Dans une galaxie près de chez vous (1999-)

Malgré ces quelques écarts, certains pourront saluer l’humour du film qui s’inscrit lui en continuité avec celui de la série. Les insides sont toujours bien présents, et on a adapté les blagues pour s’adresser maintenant à un public nettement plus mature que lors de la diffusion des émissions. Un spectateur qui avait 10 ans au départ en a maintenant 15, et on semble avoir utilisé cette excuse pour aller un peu plus loin, notamment dans la scène où le Capitaine et Valence sont dans un jacuzzi avec Bob qui perd un crayon sous les fesses de son supérieur, ou lorsque celui-ci rencontre le Petit Prince et lui dit clairement qu’il n’a aucun intérêt à lui dessiner un mouton. Cependant, d’autres pourront trouver que le tout tombe à plat, puisqu’on a abandonné le côté saugrenu des situations. Cette fois, on a également ajouté le fameux « Questions? Action! » que l’on avait jamais entendu dans la série, et qui sort de nulle part après plus de 4 ans dans l’espace.

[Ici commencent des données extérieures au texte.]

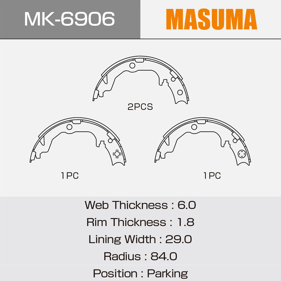 MK-6906 MASUMA Auto Car Repair Drum Brake Shoes 4800A022 4800A041 for MITSUBISHI ASX

Si la série a ravi les spectateurs de tous les âges au Québec, le premier film (et sa suite en 2008) ne donnent malheureusement pas les résultats attendus. On aime retrouver les personnages, mais on s’ennuie profondément des costumes et des décors, de l’humour et des caractéristiques de chacun des membres de la bande, qui ne sont pas particulièrement exploitées dans le film. On espère donc que les erreurs seront réparées au prochain et on demeure tout de même enthousiaste!